*What to do*. Restate word for word the lines below, from the one containing "Each tumbler measures" through the final line, with no pictures included.

*Source material*.
■ ■ ■ ■ ■

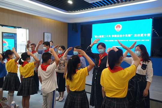 为迎接党的二十大胜利召开,弘扬法治精神,进一步增强青少年法治意识和自我保护能力,近日,句容市检察院组织20余名小学生在该院检察普法中心开展“童心喜迎二十大 争做法治小先锋”法治夏令营活动。
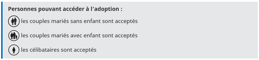Adoption - Autres pays - Arménie AVERTISSEMENT : Interdiction des adoptions individuelles Suite à l’interdiction des adoptions individuelles entrée en vigueur le 23 février 2022, et en l’absence d’opérateur autorisé et habilité pour l’adoption en Arménie, il n’est pas possible d’adopter un enfant dans ce pays. Arménie Adoption internationale Publié le : 17 novembre 2025 Mis à jour le : 02 avril 2026 Consultez la liste des pays ouverts à l’adoption. L’Arménie a ratifié la convention de La Haye du 29 mai 1993 sur la protection des enfants et la coopération en matière d’adoption internationale le 1er mars 2007. Les informations ci-dessous concernent uniquement les adoptions internationales qui ont pu intervenir avant l’interdiction des adoptions individuelles entrée en vigueur le 23 février 2022. Transcription Fermer la transcription Les couples mariés sans enfant sont acceptés Les couples mariés avec enfant sont acceptés Les célibataires sont acceptés Communiqué suite à une mission réalisée en Arménie du 6 au 9 juin 2017 : A la suite de la décision de l’opérateur Médecins du Monde de cesser progressivement ses activités d’adoption internationale dans l’ensemble des pays où il était implanté –dont l’Arménie–, une délégation de la Mission de l’adoption internationale s’est rendue dans ce pays du 6 au 9 juin 2017. A l’issue de réunions de concertation avec l’autorité centrale arménienne et afin d’éviter toute pression sur les autorités de cet État dans le processus actuel de mise en œuvre effective de la Convention de la Haye de 1993 sur la protection des enfants et la coopération en matière d’adoption internationale, il a été décidé, à compter du présent communiqué, de ne plus enregistrer de nouveaux dossiers jusqu’à l’implantation d’un nouvel opérateur français en conformité avec la prochaine réglementation arménienne en la matière. A titre transitoire, seuls pourront se poursuivre jusqu’à leur terme les dossiers déjà enregistrés à la Mission de l’adoption internationale à la date du présent communiqué selon les modalités suivantes : les dossiers enregistrés par Médecins du Monde (MdM) à la date du présent communiqué qui auront donné lieu à un apparentement avant le 31 décembre 2017 se poursuivront par l’intermédiaire de cet opérateur ; les autres dossiers, c’est-à-dire les dossiers individuels enregistrés auprès de l’Autorité centrale arménienne par l’intermédiaire de la MAI avant le 19 mai 2014, date de l’accréditation de l’OAA Médecins du Monde, ainsi que ceux accompagnés par MdM n’ayant pas donné lieu à apparentement au 31 décembre 2017 seront traités directement et exclusivement d’autorité centrale à autorité centrale. Par conséquent et désormais, les procédures individuelles, c’est-à-dire celles qui ne sont ni accompagnées par MdM ni suivies directement par les autorités centrales dans les conditions ci-dessus énoncées, sont interdites en Arménie. Avant propos : Exigences du droit français I - Exigences du droit local 1. Le cadre juridique de l’adoption en Arménie Code de la Famille de la République d’Arménie du 8 décembre 2004, entré en vigueur le 19 avril 2005. 2. Qui peut adopter ? Les couples mariés. Une préférence est accordée aux couples mariés dont l’un au moins des conjoints est d’origine ou de nationalité arménienne. Les célibataires. Différence d’âge avec l’enfant : 18 ans minimum et 50 ans maximum, sauf dans le cadre de l’adoption de l’enfant du conjoint d’origine arménienne. 3. Quels enfants peuvent être proposés à l’adoption internationale ? Critères juridiques d’adoptabilité : Age de l’enfant : de 3 mois à 18 ans Un enfant arménien est adoptable par des étrangers : s’il n’a pas de filiation connue s’il est orphelin s’il est déclaré judiciairement abandonné si ses parents ou représentants légaux ont valablement consenti à l’adoption. si ses parents ont été déchus de l’autorité parentale s’il est inscrit dans la base de données nationale des enfants adoptables depuis plus de trois mois Les enfants âgés de plus de dix ans doivent consentir à leur adoption. 4. Qui peut vous accompagner dans votre démarche ? En application de la convention de La Haye du 29 mai 1993 sur la protection des enfants et la coopération en matière d’adoption internationale, l’adoption individuelle est interdite. Voir communiqué en début de page. Pour toute information complémentaire concernant les opérateurs de l’adoption internationale, vous pouvez consulter la rubrique : « Organismes agréés pour l’Adoption (OAA) » II - Type de décision 1. Forme de la décision La décision prononcée par les autorités locales est une décision judiciaire. 2. Effets de la décision Les effets de la décision en droit arménien sont : rupture des liens de filiation entre l’enfant et sa famille d’origine mais possibilité de maintenir une communication dans certains cas, sur décision du juge ; création d’un lien de filiation entre l’enfant et la famille adoptive ; Révocabilité (pour motifs graves) III - Procédure 1. Constitution du dossier en France A titre indicatif et sous réserve d’éventuelles modifications, le dossier doit comporter les pièces énumérées ci joint en un exemplaire original. Télécharger "Constitution du dossier de candidature à l’adoption en Arménie" PDF - 222.0 KB Tous les documents doivent être apostillés par la Cour d’appel compétente pour le lieu où ils ont été émis, ou pour le lieu où leur copie a été certifiée conforme. 2. Procédure locale Annexe 1 : Étapes de la procédure locale : Télécharger "Étapes de la procédure locale" PDF - 5.1 KB L’accompagnement par un avocat n’est pas obligatoire. Plusieurs séjours dans le pays sont nécessaires, d’un total de un à 3 mois. 3. 
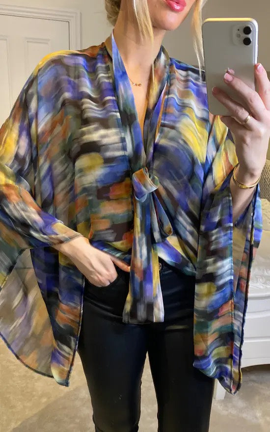 The Romeo Blouse is made from a floaty soft chiffon fabric with a bold print. It has long sleeves and a pussy bow tie at the neck that can be either worn tied as a bow around neckline or hanging lower into a V neck. It has elastic in the wasitline.
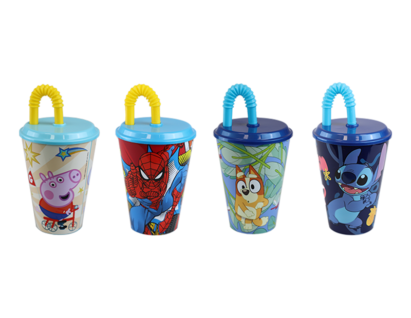 Each tumbler measures H16.5cm x 9cm diameter with a 430ml capacity and features a pop on lid with flexible straw that can be tucked away when not in use, and a fun licensed character design on the outer.
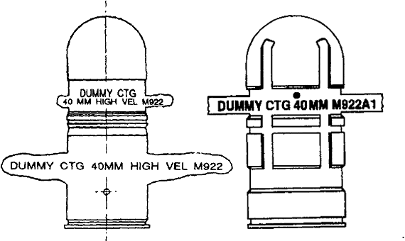 M922和M922A1教练弹全长4.415英寸(112mm),重0.76磅(350g),这是用于教学和练习基本操作用的假弹,不能发射。

■ ■ ■ ■ ■

*The answer*.
 Each tumbler measures H16.5cm x 9cm diameter with a 430ml capacity and features a pop on lid with flexible straw that can be tucked away when not in use, and a fun licensed character design on the outer.
 M922和M922A1教练弹全长4.415英寸(112mm),重0.76磅(350g),这是用于教学和练习基本操作用的假弹,不能发射。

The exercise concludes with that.